Verifying the Disk I/O Scheduler on Linux 8 and Later Systems

Disk I/O schedulers reorder, delay, or merge requests for disk I/O to achieve better throughput and lower latency.

Linux has multiple disk I/O schedulers available, including mq-deadline, none, kyber, and bfq on Oracle Linux 8 and later, RHEL 8 and later, and SUSE Linux Enterprise Server 15 and later systems. You should consult with your storage vendor for the appropriate I/O scheduler configuration to achieve best performance on Oracle Automatic Storage Management (Oracle ASM).

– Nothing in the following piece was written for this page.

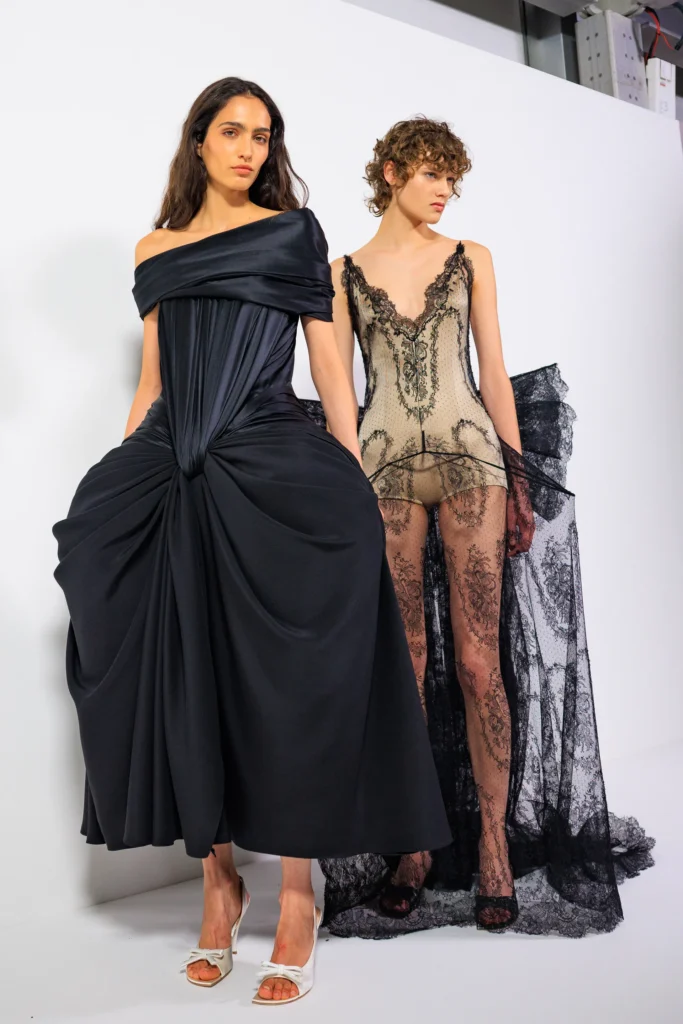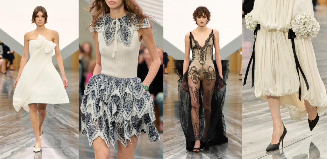 Foram apresentados 74 looks que navegaram entre o teatral e o comercial. Vestidos estruturais com volumes inspirados em panniers do século XVIII dividiram espaço com peças mais acessíveis, como minissaias e conjuntos esportivos em tecidos macios.

In general, Oracle recommends that you set the I/O Scheduler to mq-deadline for rotating storage devices (HDDs) and to none for non-rotating storage devices such as SSDs and NVMe on Oracle Linux 8 and later, RHEL 8 and later, and SUSE Linux Enterprise Server 15 and later systems.

On all cluster nodes, enter the following command as root to verify the configured disk I/O scheduler value.
cat /sys/block/${ASM_DISK}/queue/scheduler
none [mq-deadline] kyber bfq

In this example, the default disk I/O scheduler is mq-deadline and ASM_DISK is a rotational Oracle ASM disk device.